Return precisely the opening lines of the listing below, ending with the line that contains "Vliegtuig Sterren en".
*** Opening of MATERIAL FOR THE TASK ***
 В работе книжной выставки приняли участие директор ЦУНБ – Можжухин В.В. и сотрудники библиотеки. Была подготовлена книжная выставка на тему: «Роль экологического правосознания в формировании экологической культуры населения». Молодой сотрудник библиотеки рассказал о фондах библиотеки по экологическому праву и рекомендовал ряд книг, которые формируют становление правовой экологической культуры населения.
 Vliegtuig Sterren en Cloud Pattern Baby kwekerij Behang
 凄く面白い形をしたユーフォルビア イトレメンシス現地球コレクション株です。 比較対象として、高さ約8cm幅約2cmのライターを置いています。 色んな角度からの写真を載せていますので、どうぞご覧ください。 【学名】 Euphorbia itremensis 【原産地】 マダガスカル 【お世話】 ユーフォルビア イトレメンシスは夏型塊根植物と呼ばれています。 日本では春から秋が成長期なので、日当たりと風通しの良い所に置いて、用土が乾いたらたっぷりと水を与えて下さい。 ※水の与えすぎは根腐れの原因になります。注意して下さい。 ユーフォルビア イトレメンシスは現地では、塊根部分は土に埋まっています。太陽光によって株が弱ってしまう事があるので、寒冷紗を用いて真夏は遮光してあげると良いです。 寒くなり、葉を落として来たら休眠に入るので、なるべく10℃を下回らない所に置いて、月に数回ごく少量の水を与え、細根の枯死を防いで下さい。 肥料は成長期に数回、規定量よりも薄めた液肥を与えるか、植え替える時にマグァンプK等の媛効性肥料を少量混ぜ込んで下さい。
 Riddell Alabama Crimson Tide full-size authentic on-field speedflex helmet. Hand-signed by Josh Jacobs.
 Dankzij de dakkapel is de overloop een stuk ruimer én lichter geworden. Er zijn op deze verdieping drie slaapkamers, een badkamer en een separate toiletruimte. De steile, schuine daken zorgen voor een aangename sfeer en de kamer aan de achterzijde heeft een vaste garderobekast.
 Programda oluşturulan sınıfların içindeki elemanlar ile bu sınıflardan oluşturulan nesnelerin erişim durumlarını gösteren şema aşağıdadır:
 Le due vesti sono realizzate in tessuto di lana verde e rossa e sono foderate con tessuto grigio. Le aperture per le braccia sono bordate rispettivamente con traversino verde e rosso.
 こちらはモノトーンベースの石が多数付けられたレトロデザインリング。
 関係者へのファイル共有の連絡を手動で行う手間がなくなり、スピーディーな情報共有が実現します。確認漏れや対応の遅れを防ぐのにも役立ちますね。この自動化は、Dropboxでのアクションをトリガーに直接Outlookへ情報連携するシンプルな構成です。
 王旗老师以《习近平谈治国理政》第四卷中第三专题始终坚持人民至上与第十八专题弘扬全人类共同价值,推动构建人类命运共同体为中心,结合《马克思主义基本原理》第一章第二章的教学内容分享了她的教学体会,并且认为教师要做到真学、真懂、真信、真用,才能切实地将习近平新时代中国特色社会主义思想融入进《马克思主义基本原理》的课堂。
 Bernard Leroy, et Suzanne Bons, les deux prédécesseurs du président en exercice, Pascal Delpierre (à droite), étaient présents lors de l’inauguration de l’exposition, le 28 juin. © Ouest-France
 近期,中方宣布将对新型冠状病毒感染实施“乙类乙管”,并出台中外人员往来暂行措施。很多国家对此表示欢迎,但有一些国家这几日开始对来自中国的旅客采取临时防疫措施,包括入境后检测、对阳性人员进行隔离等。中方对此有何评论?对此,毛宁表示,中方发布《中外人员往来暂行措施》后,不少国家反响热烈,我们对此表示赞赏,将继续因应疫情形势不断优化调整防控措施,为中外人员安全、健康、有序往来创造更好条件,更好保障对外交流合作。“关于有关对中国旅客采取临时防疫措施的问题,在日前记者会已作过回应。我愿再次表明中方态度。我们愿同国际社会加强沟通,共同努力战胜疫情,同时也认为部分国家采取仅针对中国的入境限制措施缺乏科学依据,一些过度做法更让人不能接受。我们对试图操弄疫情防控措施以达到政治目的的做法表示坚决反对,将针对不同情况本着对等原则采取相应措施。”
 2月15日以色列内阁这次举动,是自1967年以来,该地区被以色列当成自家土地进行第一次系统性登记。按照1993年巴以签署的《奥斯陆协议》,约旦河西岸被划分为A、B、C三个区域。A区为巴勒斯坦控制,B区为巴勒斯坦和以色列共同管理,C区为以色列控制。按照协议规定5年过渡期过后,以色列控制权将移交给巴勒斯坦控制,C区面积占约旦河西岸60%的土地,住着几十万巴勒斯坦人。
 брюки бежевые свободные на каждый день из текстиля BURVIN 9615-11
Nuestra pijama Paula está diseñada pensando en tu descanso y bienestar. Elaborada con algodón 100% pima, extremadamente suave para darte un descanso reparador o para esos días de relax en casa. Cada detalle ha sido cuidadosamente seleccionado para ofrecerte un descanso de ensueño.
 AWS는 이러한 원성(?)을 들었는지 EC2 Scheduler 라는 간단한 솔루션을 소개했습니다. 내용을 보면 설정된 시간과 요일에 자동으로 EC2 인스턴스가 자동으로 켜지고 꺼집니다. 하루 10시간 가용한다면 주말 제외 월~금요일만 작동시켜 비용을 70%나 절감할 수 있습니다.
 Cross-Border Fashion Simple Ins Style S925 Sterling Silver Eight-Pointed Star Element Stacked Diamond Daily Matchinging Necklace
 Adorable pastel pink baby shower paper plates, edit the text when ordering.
*** Close of MATERIAL FOR THE TASK ***
▶ [ANSWER AREA]
 В работе книжной выставки приняли участие директор ЦУНБ – Можжухин В.В. и сотрудники библиотеки. Была подготовлена книжная выставка на тему: «Роль экологического правосознания в формировании экологической культуры населения». Молодой сотрудник библиотеки рассказал о фондах библиотеки по экологическому праву и рекомендовал ряд книг, которые формируют становление правовой экологической культуры населения.
 Vliegtuig Sterren en Cloud Pattern Baby kwekerij Behang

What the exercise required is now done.